A dividend changes value.
This is how I handle dividends:
For a dividend of amount D on ex-date S:
For all dates before the dividend:
adjusted_price = unadjusted_price - D
(Optionally scaled multiplicatively for total-return calculations.)
For dates on or after the dividend:
adjusted_price = unadjusted_price
Volumes are never adjusted for dividends.
Key points:
Dividends only affect historical prices
Latest adjusted price == latest unadjusted price
Dividends do not change share count
Splits and dividends are applied independently
If you don’t care about total-return strategies, you can even skip dividend adjustment entirely and still be correct for most trading use cases.
But there’s a problem
Why adjusting for splits sucks
Of course with Polygon, it’s never just math.
Some splits in their database aren’t real. You have to figure out which ones are legit. Otherwise you’ll adjust data that shouldn’t be adjusted, creating fake gaps.
How I handle Fake Splits
I validate every split before storing it.
Here’s how:
For a split on date D:
Get the trading day before (D-1) and after (D+1)
Fetch adjusted AND unadjusted closes for both days
Calculate the ratio for each day:
ratio_before = adjusted_close(D-1) / unadjusted_close(D-1)ratio_after = adjusted_close(D+1) / unadjusted_close(D+1)
If the ratios are identical → fake split
Why this works:
Real split: Unadjusted price changes, adjusted stays the same. The ratio changes.
Fake split: Both prices stay the same. The ratio stays the same.
If the ratio barely changes (less than 0.0000000001), I reject it.
Fake splits get logged to fake_splits.txt and never touch my adjustment files.
Zombie Tickers
As I wrote in the last article, tickers get reused. You can’t just adjust all past dates for a ticker—you need to know its entity boundaries.
An adjustment only applies if:
The adjustment’s entity dates match the data’s entity dates (both start and end)
The adjustment date falls within the entity’s active period
This means AAPL Entity 1’s 2003 split only affects AAPL Entity 1’s data.
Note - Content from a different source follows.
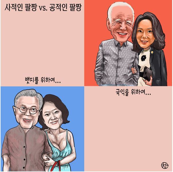 □ 자유일보 [만평] 사적인 팔짱 vs. 공적인 팔짱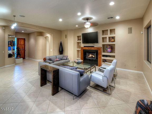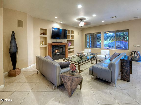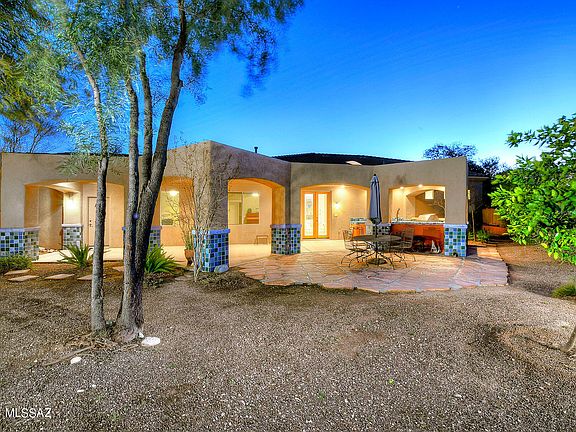 Stunning home featuresv3BR/3BA + Office in guard gated Villages of La Paloma on one of the largest lots, capturing unobstructed views of the Catalinas. Remodeled custom designed kitchen is a chef's delight, featuring gorgeous sleek cabinetry, top of line SS appliances, center island & granite countertops. French doors, from breakfast room, open to covered ramada complete w/ fantastic one-of-a-kind outdoor kitchen. Great room plan incl. gas fireplace, high ceilings, custom lighting & wall of windows bringing the outside in. It accesses resort style backyard ideal for Tucson's outdoor lifestyle, featuring multiple flagstone patios, charming fountain, mature trees & lush vegetation. Spacious dining room w/ a built-in buffet & accommodates several guests. See MORE tab... The primary bedroom suite has a fireplace, large walk- in closet & opens to a private patio. Luxurious primary bath includes two separate vanities w/granite countertops, a walk-in shower as well as a soaking tub. Split bedroom plan could easily be used as guest quarters w/two additional bedrooms & a full bath, strategically positioned for optimal comfort. The 3 attached garages incl walls of built -in cabinets & provide an abundance of storage. 1 of the attached garage spaces is separate & could be used as a studio, workshop or to store your golf cart. The community pool/spa & ramada are ideal for socializing with your neighbors. HOA includes garbage collection, street maintenance, pool/spa, guard gate + more. Conveniently located close to La Encantada shopping center which includes an upscale grocery store, several restaurants & shopping. See documents for La Paloma CC. Welcome Home!

AAPL Entity 2’s 2020 split only affects AAPL Entity 2’s data.
No cross-contamination.
Conclusion
If you follow part 1 and part 2, you should now have a consistent database without survivorship bias and adjusted to corporate actions.
But there’s one more problem before you can start scanning and backtesting.
Late prints.
I’ll cover that in the next article.



This is exactly the kind of practical guidance you don't find elsewhere. The fake splits validation logic is clever, especially using the ratio test to catch bogus corporate actions. I've dealt with similar data quality nightmares and your approach to entity boundaries solves a problem most people don't even realize exists. The zombie ticker issue is something I wish I'd understood earlier in my backtesting journy. Really apreciate the code-level detail.